ONCE a week without fail he peddled his wares through the streets of Swindon, stopping at the same spots, at the same time, thus enabling regulars to carefully dip their jars into either of his two large vessels and scoop out the nectar that was crucial to their ongoing health, wellbeing and vitality.

For those who weren’t so familiar or convinced at the apparent restorative and disorder-relieving powers of this singular local product, our man would lustily “hold forth on the wonderful nature of this natural mineral water and its value as a cure for certain diseases”.

At a penny a half-pint, he “did good business” travelling a “pretty wide district” in Swindon and North Wiltshire by horse and cart before dismounting to convey his salty pick-me-up on a contraption that allowed him to walk about with a couple of bucket-like pitchers over his shoulder – one at the front, one at the back.

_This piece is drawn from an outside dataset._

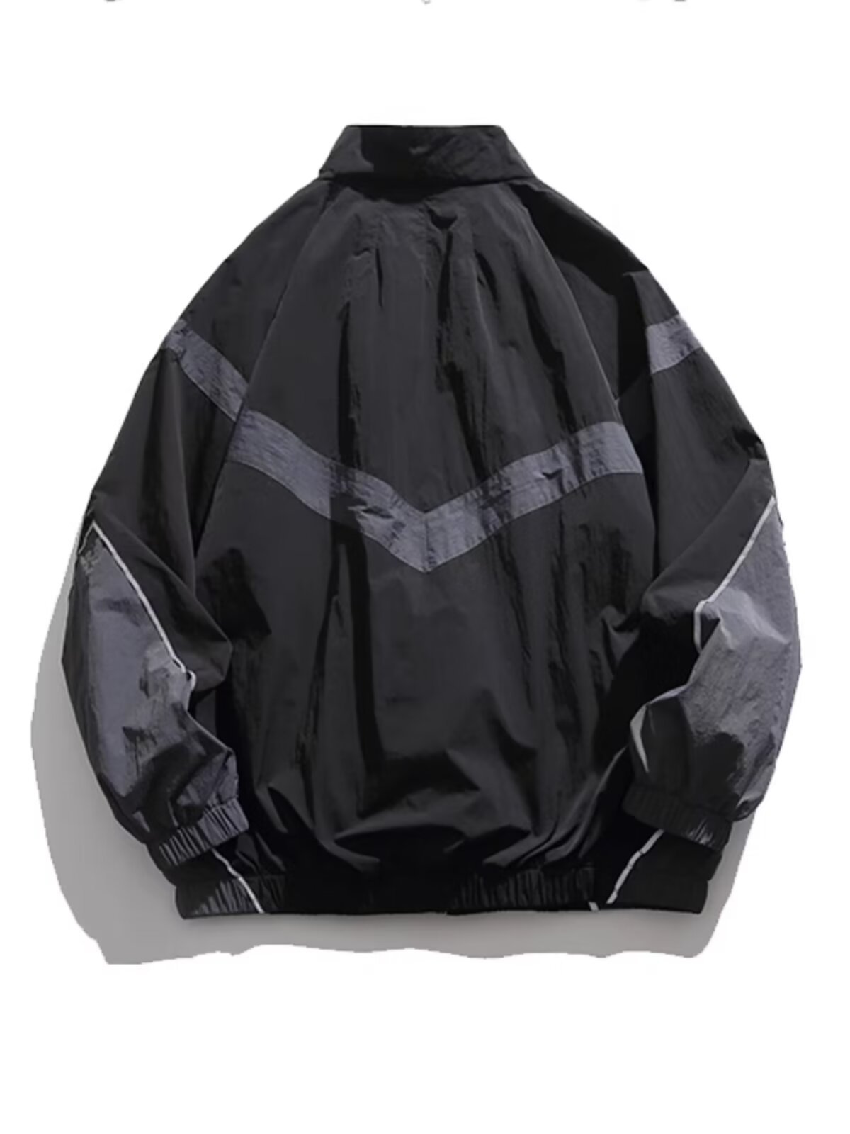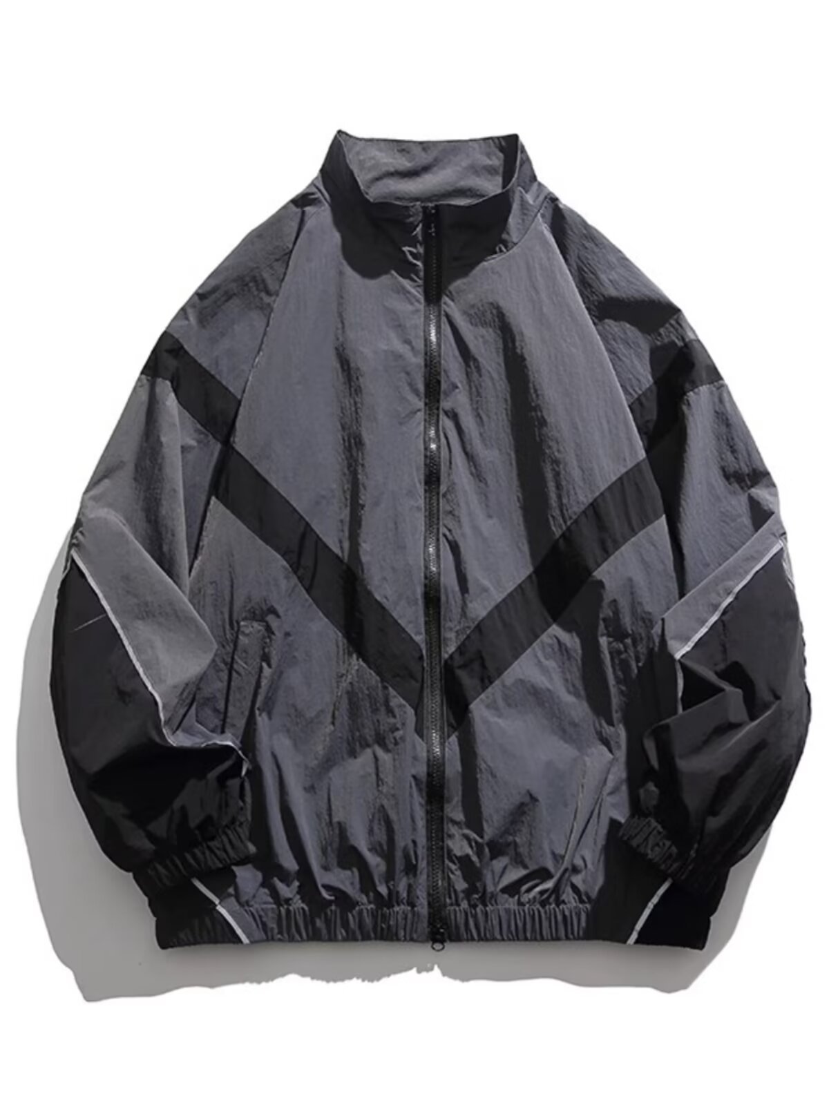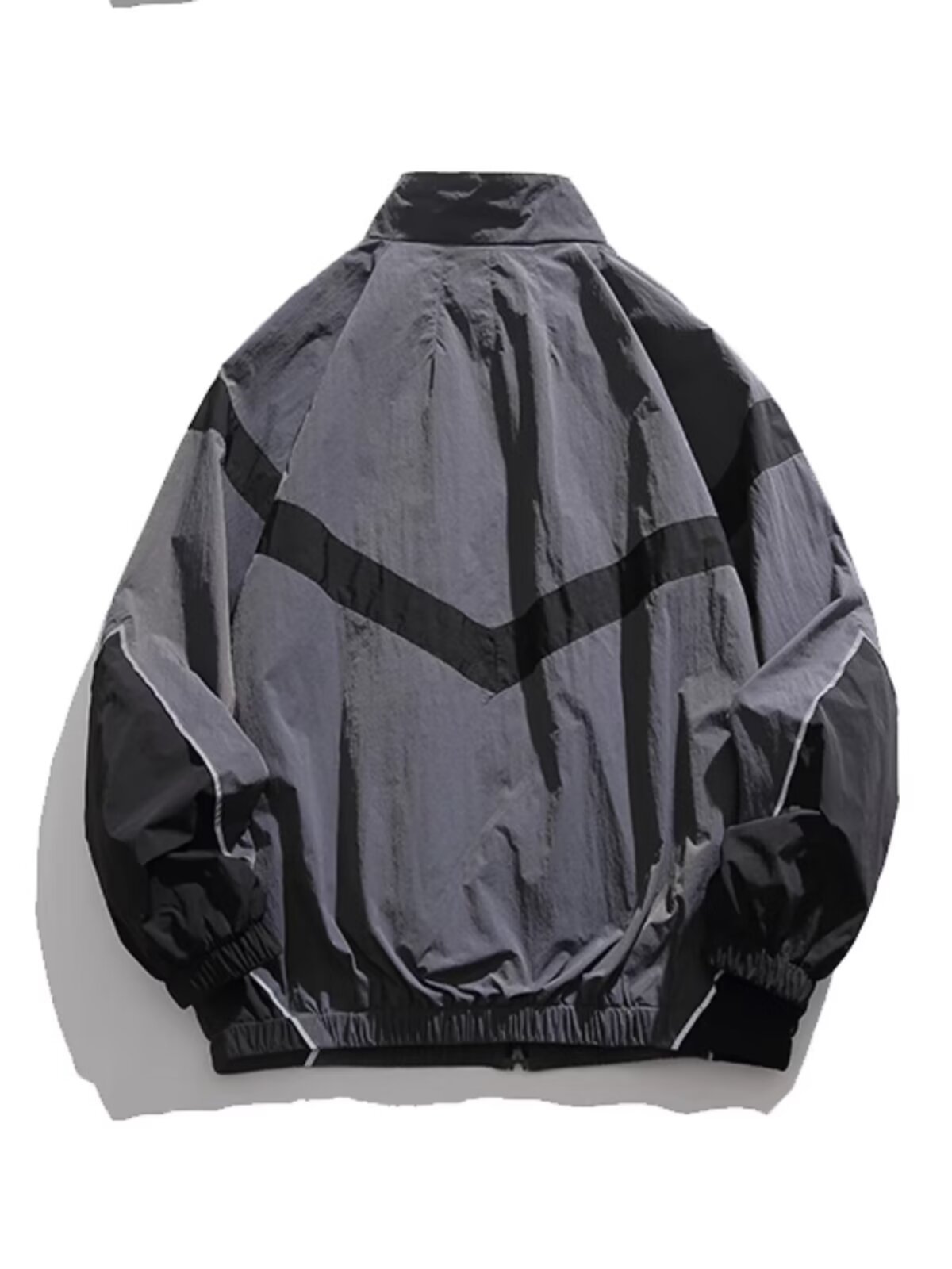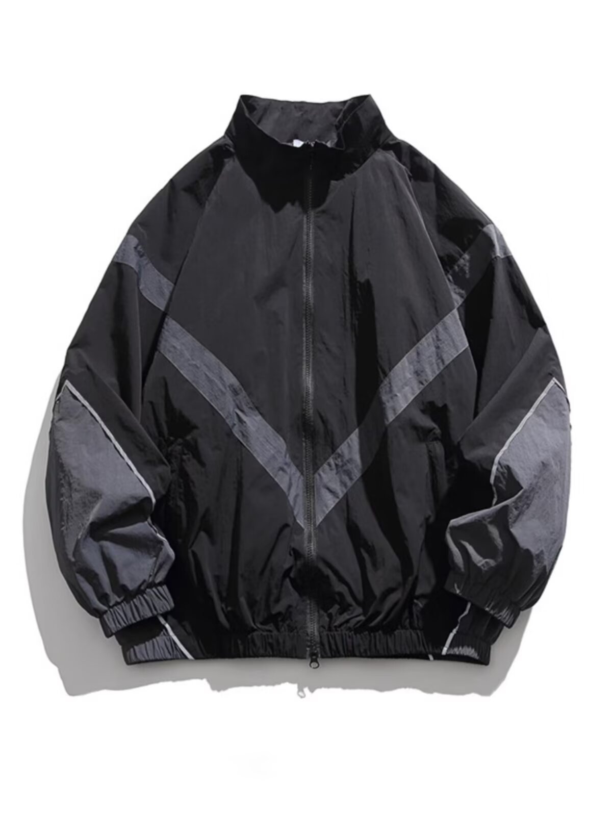 미국 트렌디 브랜드 인레이드 반사 스플라이싱 스탠드 칼라 지퍼 재킷 가을 재킷 루즈 캐주얼 재킷 남성용 얇은 스타일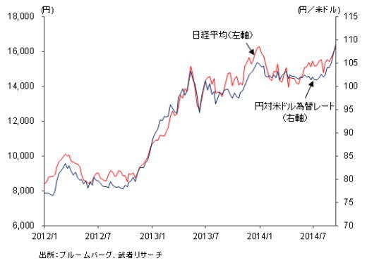 先週末(9月21日)ドル/円相場は109円/ドル、日本株式相場(日経平均株価)は1万6321円と、ともにリーマン・ショック後の高値を更新した。ドル/円は100~105円、日経平均株価は1万4000~1万6000円と1年間の膠着状態が続いたが、ともにレンジを上抜けたのであるから、新たなトレンドが始まったと見るべきであろう。

He was William Kennett “The Purton Spa Water Vendor” and at one stage, unlikely as it now seems, the medicinal marvel that he hawked for some years during the early 20th Century may well have transformed a small village a few miles west of Swindon into “a second Harrogate”.

It is unlikely that many people outside of Purton Stoke, with its nature reserve, Grade II listed 16th Century farmhouse, traditional red telephone box and Arkells pub (The Bell) are aware of the once nearly famous salt hole that promised – or threatened – to turn the sleepy settlement into a spa town to rival Cheltenham.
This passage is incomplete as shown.